Situations where money and merchandise change hands between two parties are often regulated by a third party to make sure the transaction is accurately made and recorded. When crude oil is purchased by a refiner or pipeline company, the custody transfer at the wellhead is regulated by the American Petroleum Institute’s API MPMS, Chapter 18.2 standard to ensure both parties understand and accept the transaction.

Prior to 2016, the methods for measuring and evaluating oil during custody transfer from a wellhead site were described in API MPMS, Chapter 18.1: Measurement Procedures for Crude Oil Gathered from Lease Tanks by Truck. This standard was published in 1990 and became widely recognized as the accepted method for this type of custody transfer. API MPMS, Chapter 18.1 was updated over the years before being supplanted in 2016 by API MPMS, Chapter 18.2: Custody Transfer of Crude Oil from Lease Tanks Using Alternative Measurement Methods, which is now the recognized standard and offers significant advances over its predecessor. At the time of its release, API issued this explanation:

“Industry standards developed by API support the industry goal of zero accidents,” said Lisa Salley, API’s vice president for global industry services. “This standard is a great example of what can be done when industry, regulators and all key stakeholders work together to achieve the common goal of improving safety for industry operations. This standard enables personnel to take measurements of crude oil from a lease tank without opening the hatch on the tank, thus protecting them from potentially hazardous vapors and gases.”

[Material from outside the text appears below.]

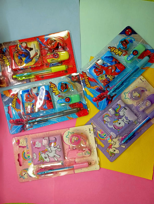 Unicorn Stationary set for Kids /School Kids / Back to School Supplies for Kids / Perfect Gift for First Time Going Kids / Cartoon Character Printed Stationary Set (Colour-Pink)(Item Qty-04)- Purple-Unicorn

The new standard still allows for the old practices to be retained, but it offers mechanisms to use better methods able to make oil volume measurements more accurate, and the process of transferring oil much safer.

The old-fashioned method

Under API MPMS, Chapter 18.1, large production sites with frequent deliveries could be outfitted with a lease automatic custody transfer (LACT) skid. A LACT uses a sophisticated flowmeter to measure the volume of oil transferred along with other parameters, such as density, but it is not economical for smaller sites and volumes. The manual practices under API MPMS, Chapter 18.1, were designed to work anywhere, including wellhead sites that had effectively zero instrumentation. All the measurement methods could be carried out by a receiving truck driver using a kit of simple manual tools to take readings from the top of the tank. Here are the steps:

  1. The truck driver climbs to the top of the tank, opens a thief hatch and lowers a tape measure with a float to determine the oil level. This first measurement is called the opening gauge and establishes the baseline measurement.
  2. The next step is to lower a thermometer or temperature sensor to read the oil temperature which is used to support a density calculation. Depending on the oil depth, up to three readings should be taken at three depths due to potential temperature stratification. The density calculation uses an average of the three readings.
  3. A collector is dropped in to capture a sample. Specific gravity can be measured using a hydrometer corrected by the temperature. Some of the sample goes into a centrifuge for the “grind out” to determine how much water and solid material is mixed in. The measurements from a single sample are applied to the entire lot.
  4. If the driver is satisfied with the quality, the oil can be pumped into the truck. When the transfer is over, the driver takes a second level measurement (closing gauge) with the tape to calculate the volume transferred based on the tank’s dimensions.

All the necessary equipment was carried from site to site and nothing was automated. Everything had to be written down or manually entered into a computer. The ability to measure accurately was utterly dependent on each driver’s skill and finesse with the tape measure, which introduced significant variability. The U.S. Bureau of Land Management reported that typical manual tank gauging uncertainties range from 0.6% to 2.5%. Using a midpoint of 1.5% uncertainty and applying that to a well producing 600 barrels per day of oil at a sale price of $55 per barrel, this could result in an annual discrepancy of $180,000.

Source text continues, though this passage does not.